───── RECORDS FOR THIS EXERCISE ─────

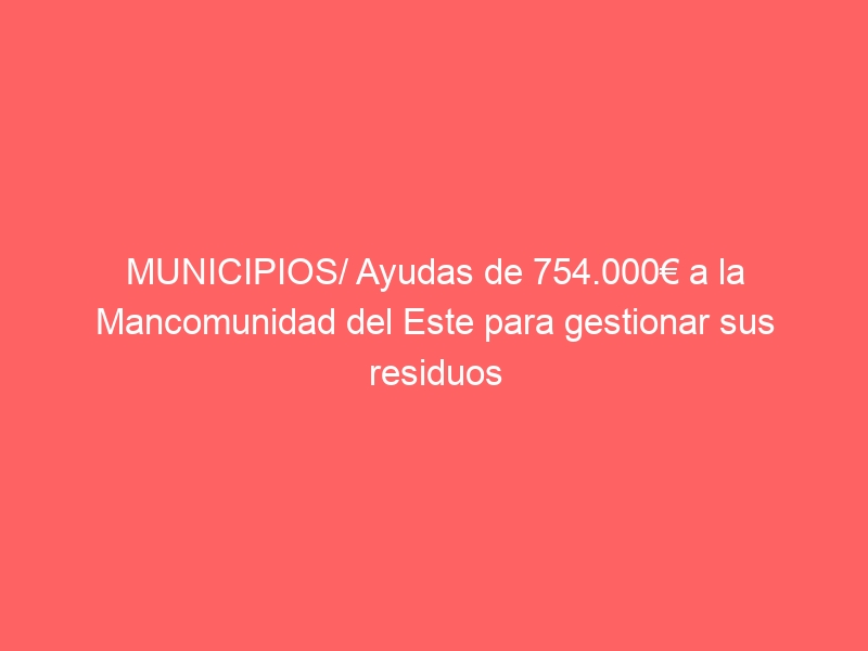 MUNICIPIOS/ Ayudas de 754.000€ a la Mancomunidad del Este para gestionar sus residuos
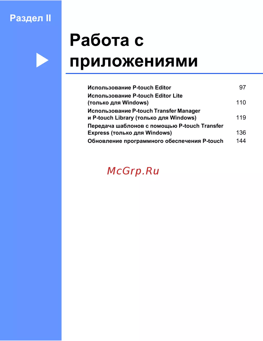 - Использование p touch transfer manager и p touch library только для windows 119 p.8
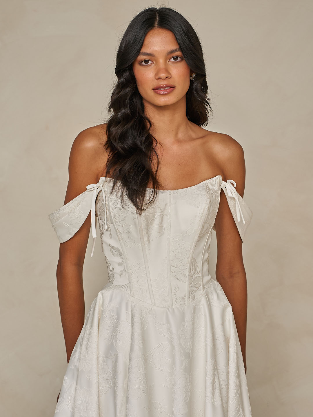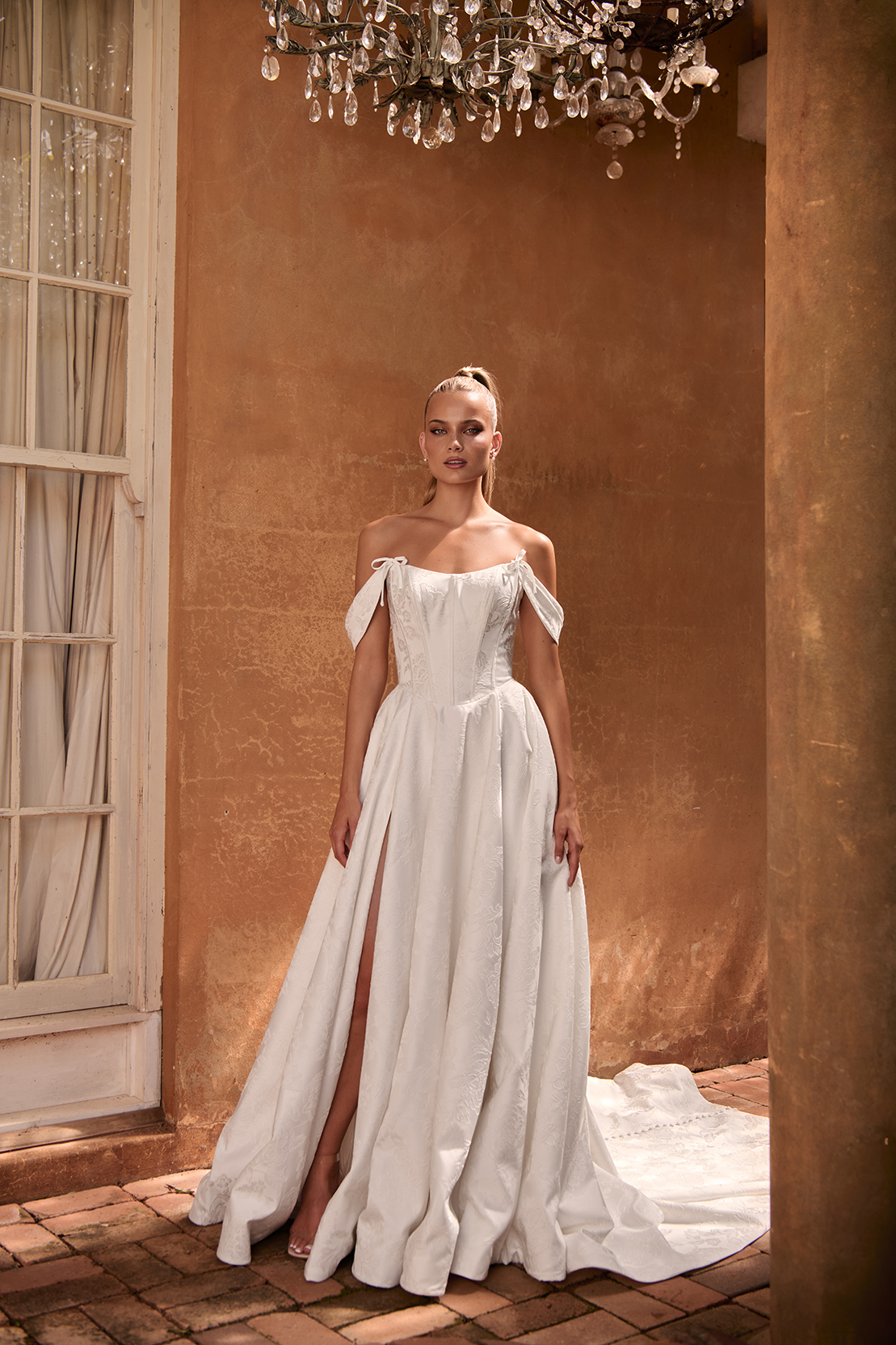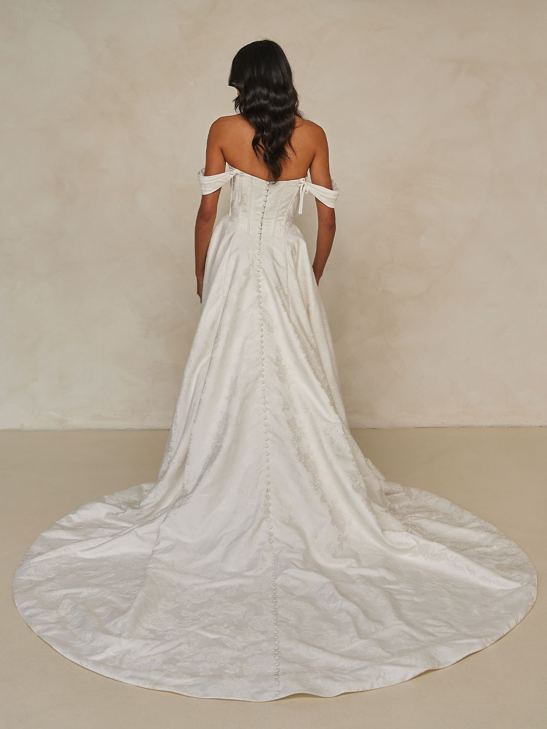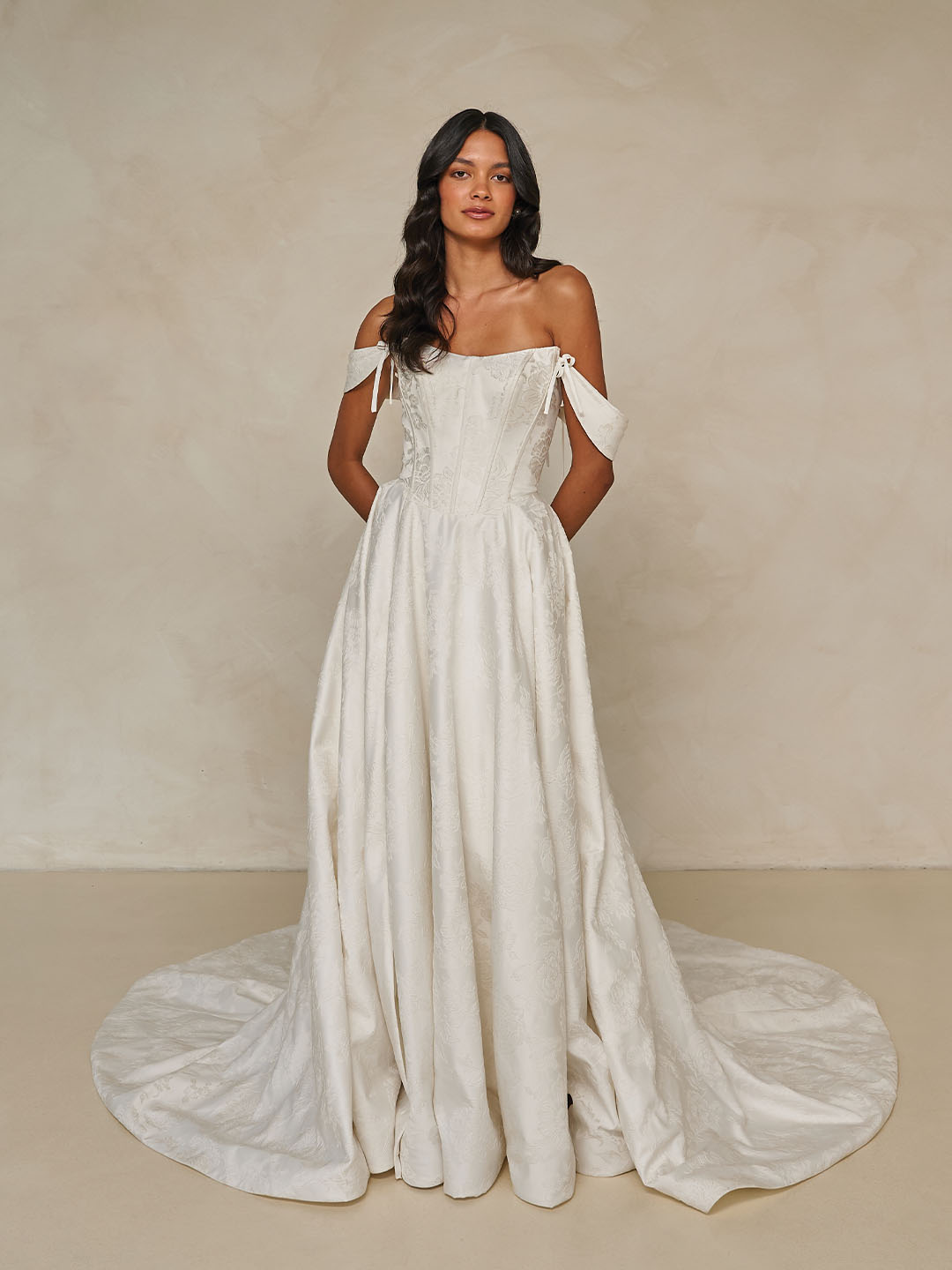 Composed of luxurious floral jacquard, the Wilson wedding dress is a homage to classic romance with contemporary vision.
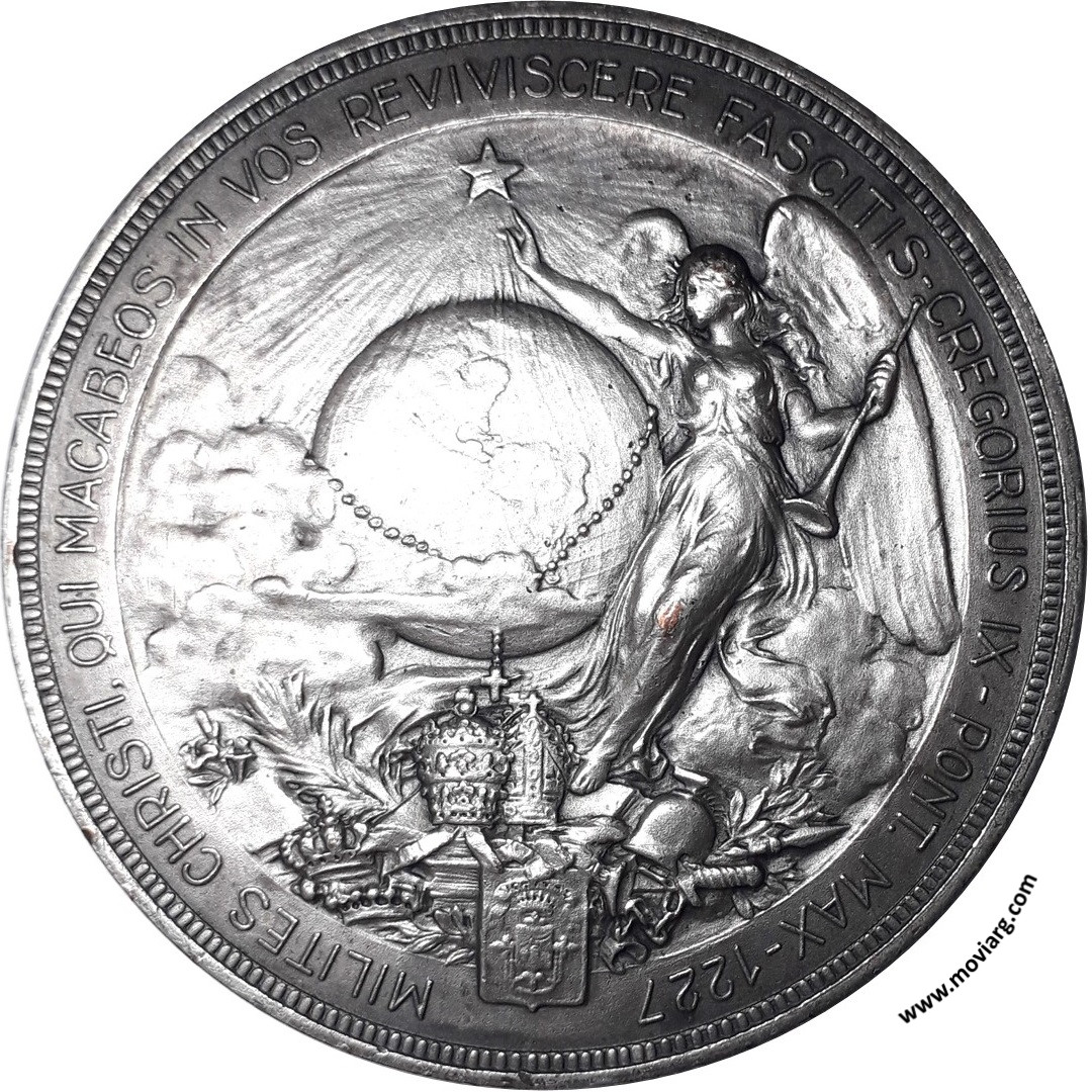 Colección MDS Anverso: MILITES CHRISTI, QUI MACABEOS IN VOS REVIVISCERE FASCITIS - GREGORIUS IX - PONT. MAX - 1227Reverso: REPUBLICA ARGENTINA / PARA PERPETUA MEMORIA / CONMEMORANDO EL XIX CENTENARIO / DE LA REDENCIÓN DEL MUNDO / POR N. SEÑOR Y REY JESUCRISTO, / EL VII DE LA CANONIZACIÓN DEL GLORIOSISIMO / PATRIARCA SANTO DOMINGO DE GUZMÁN, / EL VI DEL PRECIOSO TRÁNSITO DE LA BIENAVENTURADA / IMELDA LAMBERTINI, VIRGEN O. P, / Y EN HOMENAJE DE FERVOROSA ADHESIÓN / AL XXXII CONGRESO EUCARISTICO INTERNACIONAL, / EN BUENOS AIRES, / LA VENERABLE ORDEN TERCERA DE SANTO DOMINGO, / EN JUBILOSA COMUNIÓN CON LA INCLITA ORDEN / DE PREDICADORES, CON EL VENERABLE EPISCOPADO, / CLERO SECULAR Y REGULAR Y PUEBLO ARGENTINO, / Y CON TODOS LOS CRISTIANOS DEL ORBE, / BAJO EL FELIZ Y GLORIOSO REINADO DE SU / SANTIDAD PIO XI PONTIFICE SUMO, / CELEBRA EL PRIMER CONGRESO / NACIONAL TERCIARIO / DOMINICANO / TUCUMAN - BUENOS AIRES - CORDOBA / JULIO - AGOSTO / AÑO SANTO DE 1934. Firma: GOTTUZZO Y PIANA Referencia: | |
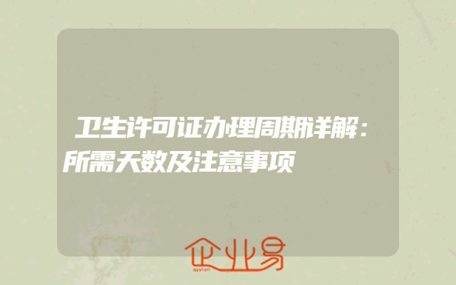 - 卫生许可证办理周期详解:所需天数及注意事项
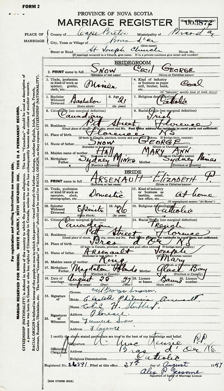 14. Birthplace Father Sydney Mines Mother Sydney Mines
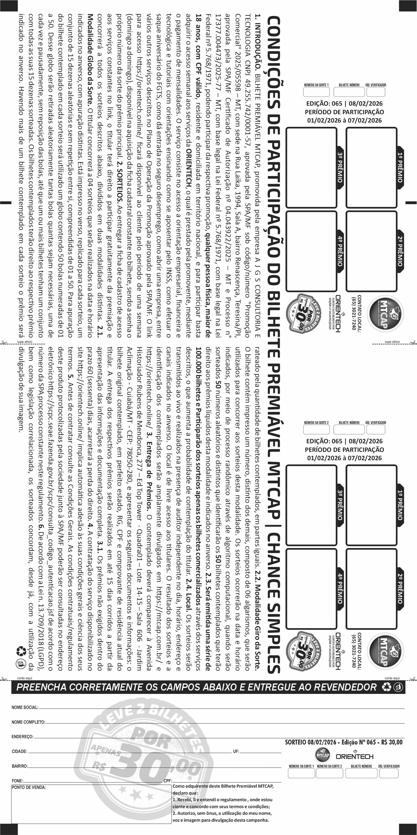 1. INTRODUÇÃO. BILHETE PREMIÁVEL MTCAP, promovida pela empresa A J G S CONSULTORIA E TECNOLOGIA CNPJ 49.255.742/0001-57, aprovada pela SPA/MF sob código/número “Promoção Comercial” 2025/05598MT, com sede na Rua Laika, 1994, Sala A, bairro Renascença, Teresina/PI, aprovada pela SPA/MF Certificado de Autorização nº 04.043922/2025 – MT e Processo n° 17377.004473/2025-77 – MT, com base legal na Lei Federal nº 5.768/1971, com base legal na Lei Federal nº 5.768/1971, podendo participar da respectiva promoção, qualquer pessoa sica, maior de 18 anos, com CPF válido, residente e domiciliada em território nacional, e para participar basta adquirir o acesso semanal aos serviços da ORIENTECH, o qual é prestado pela promovente, mediante o pagamento de mensalidades. O serviço consiste no acesso a orientação empresarial, financeira e tecnológica e tutoriais com orientações ensinando como se aposentar pelo INSS, como efetuar o saque aniversário do FGTS, como dá entrada no seguro desemprego, como abrir uma empresa, entre vários outros serviços descritos no Plano de Operação da Promoção aprovado pela SPA/MF. O link para acesso https://orientech.online/ ficará disponível ao cliente pelo período de uma semana (domingo a domingo), disponível na aquisição da ficha cadastral constante no bilhete, sendo a senha o próprio número da sorte do prêmio principal. 2. SORTEIOS. Ao entregar a ficha de cadastro de acesso aos serviços constantes no link, o titular terá direito a participar gratuitamente da premiação e concorrerá a todos os sorteios descritos abaixo, divididos em duas modalidades distintas. 2.1. Modalidade Globo da Sorte. O titular concorrerá a 03 sorteios que serão realizados na data e horário indicados no anverso, com apuração distintas. Está impresso no verso, replicado para cada sorteio, um conjunto de 15 dezenas aleatórias e sem repetição entre si, compreendidas de 01 a 50. Para apuração do bilhete contemplado em cada sorteio será utilizado um globo contendo 50 bolas numeradas de 01 a 50. Desse globo serão retiradas aleatoriamente tantas bolas quantas sejam necessárias, uma de cada vez e pausadamente, sem reposição das bolas, até que um ou mais bilhetes tenham um conjunto com todas as suas 15 dezenas sorteadas. Os bilhetes contemplados terão direito ao respectivo prêmio indicado no anverso. Havendo mais de um bilhete contemplado em cada sorteio o prêmio será rateado pela quantidade de bilhetes contemplados, em partes iguais. 2.2. Modalidade Giro da Sorte. O bilhete contém impresso um número, distinto dos demais, composto de 06 algarismos, que serão utilizados para concorrer aos sorteios desta modalidade. Os sorteios ocorrerão na data e horário indicados, por meio de processo randômico através de algoritmo computacional, quando serão sorteados 30 números aleatórios e distintos que identificarão os 30 bilhetes contemplados que terão direito aos prêmios líquidos desta modalidade e indicados no anverso. 2.3. Será emitida uma série de 100.000 bilhetes e Participarão dos sorteios apenas os bilhetes comercializados através dos serviços descritos, o que aumenta a probabilidade de contemplação do titular. 2.4. Local. Os sorteios serão transmitidos ao vivo e realizados na presença de auditor independente no dia, horário, endereço e canais indicados no anverso. O local é de livre acesso aos titulares. O resultado dos sorteios e a identificação dos contemplados serão amplamente divulgados em https://www.mtcap.com.br/ e https://orientech.online/   3. Entrega de Prêmios. O contemplado deverá comparecer à Avenida Historiador Rubens de Mendonca, 277Ed Top Tower  Quadra01Lote  14-15 Sala  606  – Jardim Aclimação – Cuiabá/MT – CEP: 78050-280, e apresentar os seguintes documentos e informações: o bilhete original contemplado, em perfeito estado, RG, CPF e comprovante de residência atual do titular. A entrega dos respectivos prêmios serão realizados em até 15 dias corridos a partir da apresentação das informações e documentação completa. 3.1. Os prêmios não exigidos dentro do prazo 60 (sessenta) dias, acarretará a perda do direito. 4. A contratação do serviço disponibilizado no site https://orientech.online/ implica automática adesão às suas condições gerais e ciência dos seus termos. 5. Antes de contratar consulte as Condições Gerais. As condições contratuais/regulamento deste produto protocolizadas pela sociedade junto à SPA/MF poderão ser consultadas no endereço eletrônico https://scpc.seae.fazenda.gov.br/scpc/consulta_codigo_autenticacao.jsf de acordo com o número da SPA processo constante neste regulamento. 6. De acordo com a Lei n. 13.709/2018 (LGPD), bem como legislação correlacionada, os sorteados concordam, desde já, com a utilização da divulgação de sua imagem.

─────

▶ _PROBLEM_: Although pictures appear among the entries, please set down only the lines from the one with "- 卫生许可证办理周期详解:所需天数及注意事项" up to and including the one with "14. Birthplace Father", word for word.

▶ _RESULT FOR THIS EXERCISE_:
 - 卫生许可证办理周期详解:所需天数及注意事项
 14. Birthplace Father Sydney Mines Mother Sydney Mines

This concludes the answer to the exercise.